Ya, dan kebanyakan dari mereka sangat lemah sehingga aku hanya perlu satu panah untuk mengeluarkannya. Bahkan jika yang lebih kuat keluar, itu hanya akan mengambil dua panah.

Untuk saat ini, prioritas kami adalah tidak tersesat saat berjalan perlahan. Kami membawa banyak makanan yang diawetkan, jadi kami seharusnya bisa mengelola entah bagaimana walaupun butuh beberapa saat untuk melewatinya. Namun, lebih baik untuk mencapai benua Apricot lebih cepat karena kami terus-menerus membangun kelelahan mental.

Menurut peta, seharusnya ada batu besar berikutnya, setelah itu kita harus melanjutkan ke kanan.

Sejauh ini, segalanya berjalan cukup baik.

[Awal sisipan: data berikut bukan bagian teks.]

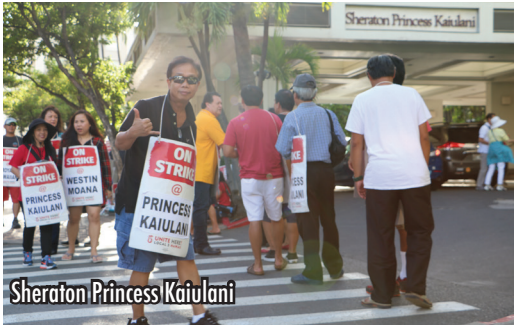
Sheraton Princess Kaiulani

Itulah yang ingin kukatakan, tetapi kamu tidak dapat lalai bahkan untuk satu detik.

Whoa!!

Hiroki !?

Aku selalu memperhatikan langkah-langkahku dengan hati-hati, tetapi aku kehilangan konsentrasi sesaat. Aku telah berhenti satu langkah dari tebing curam, tetapi kemudian jalan itu sendiri runtuh di bawah kaki. Itu terjadi begitu tiba-tiba yang bahkan aku tidak bisa bereaksi.

Aku meraih ke samping ketika aku jatuh, mencoba untuk mengambil sesuatu dengan cepat, tetapi ketika mataku bertemu dengan Lusha, dia tidak mencapai tanganku. Wajahnya pucat dan dia dengan putus asa memanggil namaku.

Perasaan bahayaku menendang ke tingkat yang tinggi, dan aku segera melepaskan perisai.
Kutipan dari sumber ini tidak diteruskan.